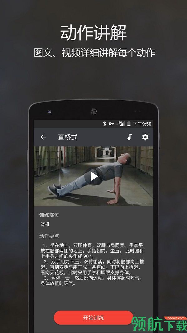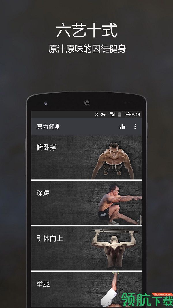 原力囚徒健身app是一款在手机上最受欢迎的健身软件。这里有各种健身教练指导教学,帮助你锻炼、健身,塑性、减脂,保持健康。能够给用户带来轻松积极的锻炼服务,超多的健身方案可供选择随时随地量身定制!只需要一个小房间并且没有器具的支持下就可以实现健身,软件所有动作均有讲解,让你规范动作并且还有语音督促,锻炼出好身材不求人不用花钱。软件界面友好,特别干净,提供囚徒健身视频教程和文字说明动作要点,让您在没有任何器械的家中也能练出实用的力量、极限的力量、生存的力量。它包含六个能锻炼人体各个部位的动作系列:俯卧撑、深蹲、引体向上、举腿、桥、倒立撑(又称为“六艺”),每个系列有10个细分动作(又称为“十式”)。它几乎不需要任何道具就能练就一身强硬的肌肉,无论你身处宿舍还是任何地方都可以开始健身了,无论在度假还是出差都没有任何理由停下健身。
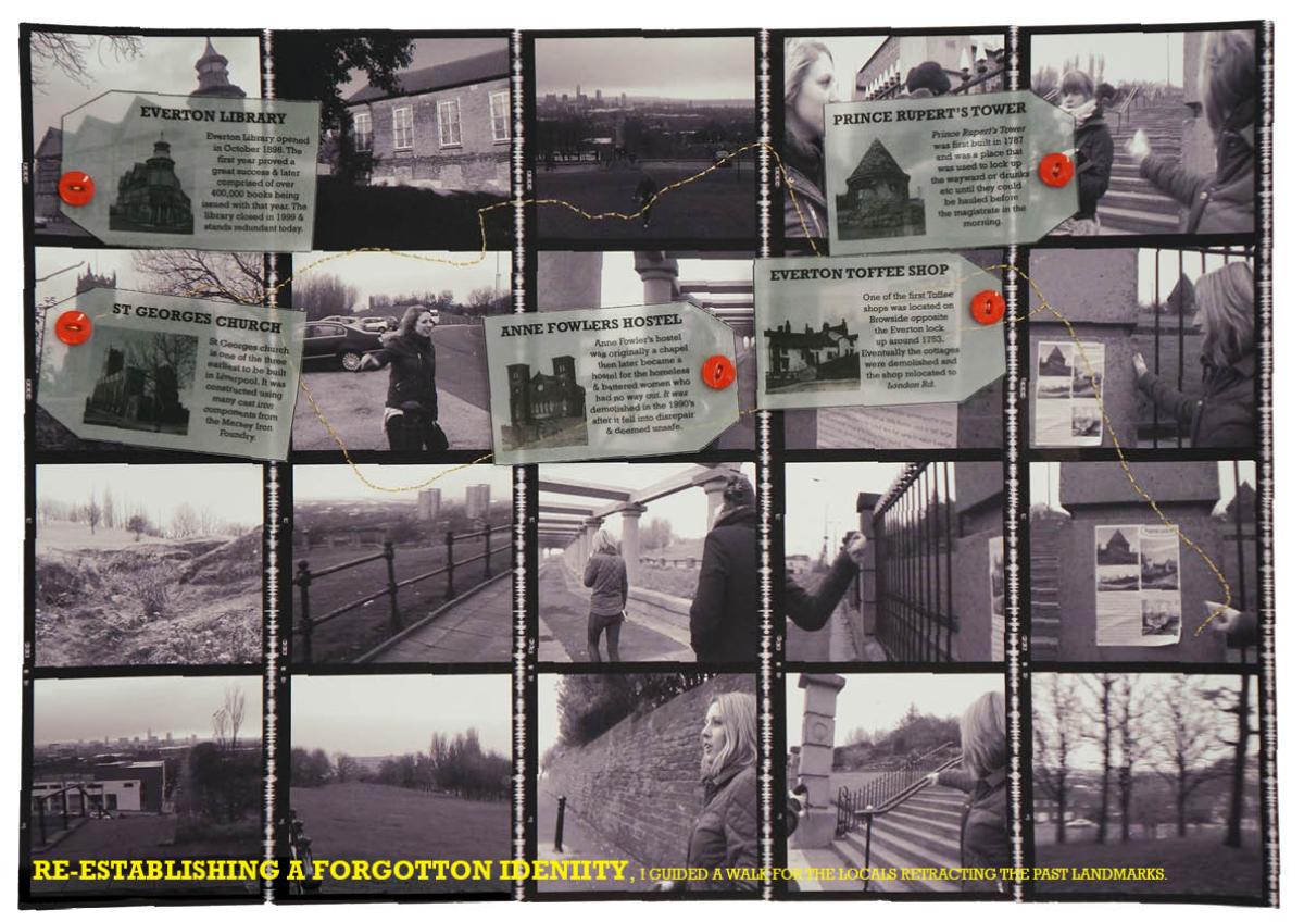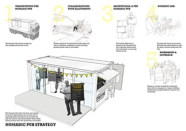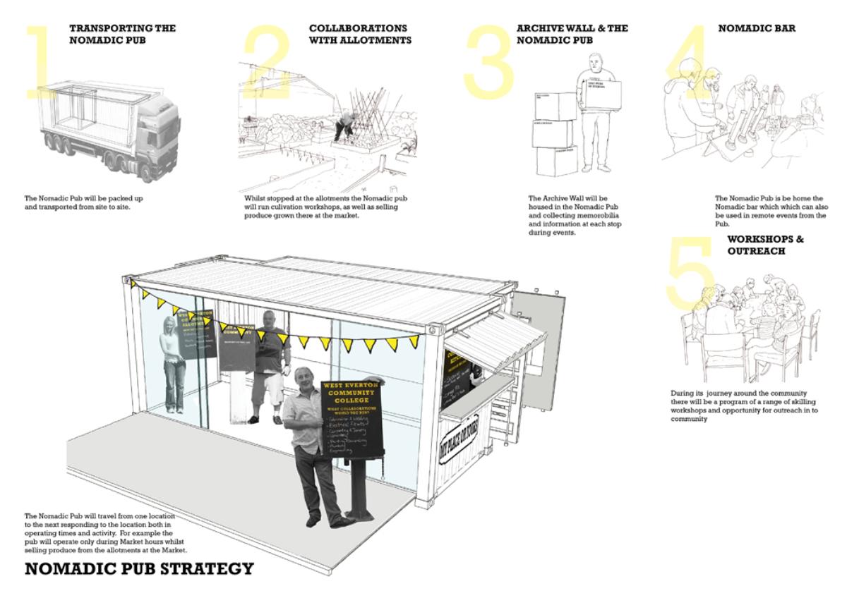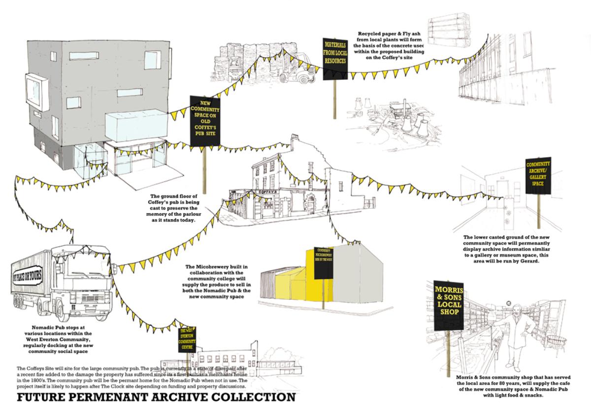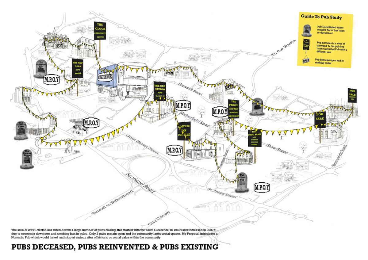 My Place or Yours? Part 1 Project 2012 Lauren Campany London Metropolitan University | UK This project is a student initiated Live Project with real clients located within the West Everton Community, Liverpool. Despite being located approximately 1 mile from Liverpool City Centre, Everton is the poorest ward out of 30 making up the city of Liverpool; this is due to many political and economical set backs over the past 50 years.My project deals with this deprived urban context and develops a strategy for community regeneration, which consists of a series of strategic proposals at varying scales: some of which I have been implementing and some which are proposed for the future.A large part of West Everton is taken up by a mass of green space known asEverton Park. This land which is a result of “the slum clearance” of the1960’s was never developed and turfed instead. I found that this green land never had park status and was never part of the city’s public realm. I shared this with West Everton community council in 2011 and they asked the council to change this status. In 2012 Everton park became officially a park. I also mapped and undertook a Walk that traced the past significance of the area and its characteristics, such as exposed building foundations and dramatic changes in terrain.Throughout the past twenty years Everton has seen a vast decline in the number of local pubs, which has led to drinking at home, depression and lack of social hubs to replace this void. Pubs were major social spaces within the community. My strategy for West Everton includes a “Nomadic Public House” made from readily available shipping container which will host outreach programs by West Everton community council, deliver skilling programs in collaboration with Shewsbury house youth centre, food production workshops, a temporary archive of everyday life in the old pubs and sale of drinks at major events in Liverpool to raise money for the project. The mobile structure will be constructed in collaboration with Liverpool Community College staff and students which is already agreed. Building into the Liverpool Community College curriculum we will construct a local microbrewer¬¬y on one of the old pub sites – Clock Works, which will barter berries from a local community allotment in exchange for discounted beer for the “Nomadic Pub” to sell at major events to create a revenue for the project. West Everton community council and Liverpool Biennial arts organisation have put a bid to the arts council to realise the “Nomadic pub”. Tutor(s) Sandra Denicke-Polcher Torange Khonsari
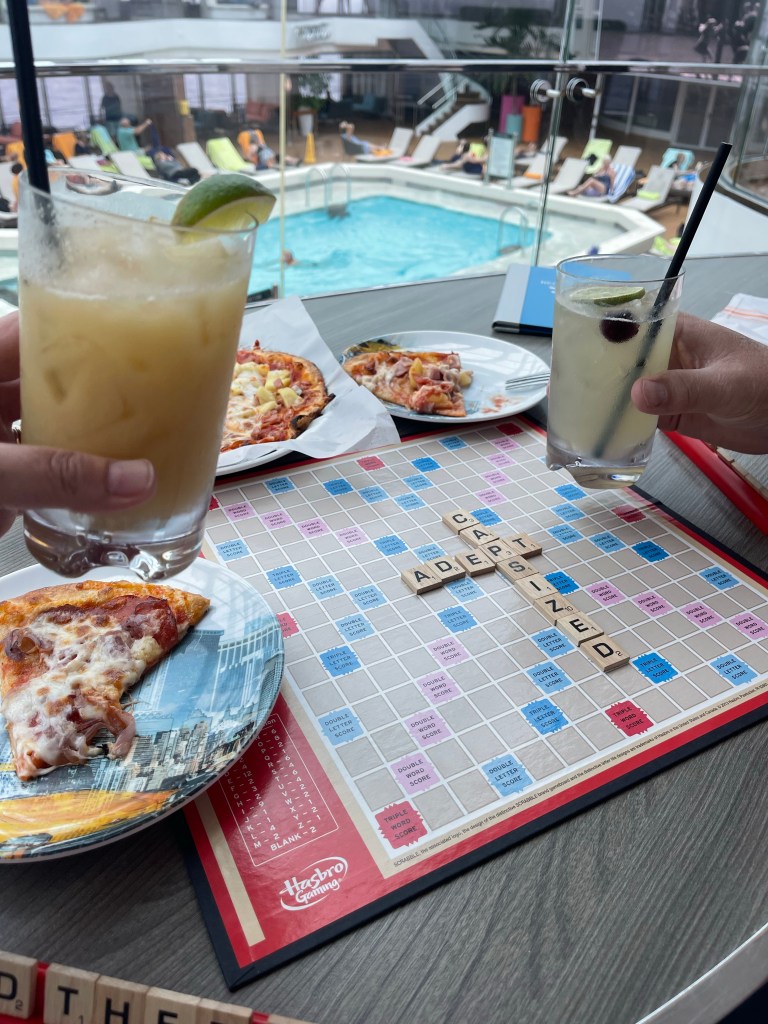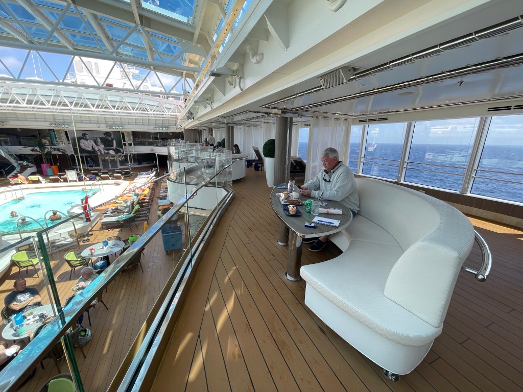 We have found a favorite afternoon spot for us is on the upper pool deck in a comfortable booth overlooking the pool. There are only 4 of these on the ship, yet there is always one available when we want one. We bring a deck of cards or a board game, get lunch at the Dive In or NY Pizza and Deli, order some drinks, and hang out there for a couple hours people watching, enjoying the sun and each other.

What to work on: Output, word for word, the full listing above, with no pictures.

Written answer:
 原力囚徒健身app是一款在手机上最受欢迎的健身软件。这里有各种健身教练指导教学,帮助你锻炼、健身,塑性、减脂,保持健康。能够给用户带来轻松积极的锻炼服务,超多的健身方案可供选择随时随地量身定制!只需要一个小房间并且没有器具的支持下就可以实现健身,软件所有动作均有讲解,让你规范动作并且还有语音督促,锻炼出好身材不求人不用花钱。软件界面友好,特别干净,提供囚徒健身视频教程和文字说明动作要点,让您在没有任何器械的家中也能练出实用的力量、极限的力量、生存的力量。它包含六个能锻炼人体各个部位的动作系列:俯卧撑、深蹲、引体向上、举腿、桥、倒立撑(又称为“六艺”),每个系列有10个细分动作(又称为“十式”)。它几乎不需要任何道具就能练就一身强硬的肌肉,无论你身处宿舍还是任何地方都可以开始健身了,无论在度假还是出差都没有任何理由停下健身。
 My Place or Yours? Part 1 Project 2012 Lauren Campany London Metropolitan University | UK This project is a student initiated Live Project with real clients located within the West Everton Community, Liverpool. Despite being located approximately 1 mile from Liverpool City Centre, Everton is the poorest ward out of 30 making up the city of Liverpool; this is due to many political and economical set backs over the past 50 years.My project deals with this deprived urban context and develops a strategy for community regeneration, which consists of a series of strategic proposals at varying scales: some of which I have been implementing and some which are proposed for the future.A large part of West Everton is taken up by a mass of green space known asEverton Park. This land which is a result of “the slum clearance” of the1960’s was never developed and turfed instead. I found that this green land never had park status and was never part of the city’s public realm. I shared this with West Everton community council in 2011 and they asked the council to change this status. In 2012 Everton park became officially a park. I also mapped and undertook a Walk that traced the past significance of the area and its characteristics, such as exposed building foundations and dramatic changes in terrain.Throughout the past twenty years Everton has seen a vast decline in the number of local pubs, which has led to drinking at home, depression and lack of social hubs to replace this void. Pubs were major social spaces within the community. My strategy for West Everton includes a “Nomadic Public House” made from readily available shipping container which will host outreach programs by West Everton community council, deliver skilling programs in collaboration with Shewsbury house youth centre, food production workshops, a temporary archive of everyday life in the old pubs and sale of drinks at major events in Liverpool to raise money for the project. The mobile structure will be constructed in collaboration with Liverpool Community College staff and students which is already agreed. Building into the Liverpool Community College curriculum we will construct a local microbrewer¬¬y on one of the old pub sites – Clock Works, which will barter berries from a local community allotment in exchange for discounted beer for the “Nomadic Pub” to sell at major events to create a revenue for the project. West Everton community council and Liverpool Biennial arts organisation have put a bid to the arts council to realise the “Nomadic pub”. Tutor(s) Sandra Denicke-Polcher Torange Khonsari
 We have found a favorite afternoon spot for us is on the upper pool deck in a comfortable booth overlooking the pool. There are only 4 of these on the ship, yet there is always one available when we want one. We bring a deck of cards or a board game, get lunch at the Dive In or NY Pizza and Deli, order some drinks, and hang out there for a couple hours people watching, enjoying the sun and each other.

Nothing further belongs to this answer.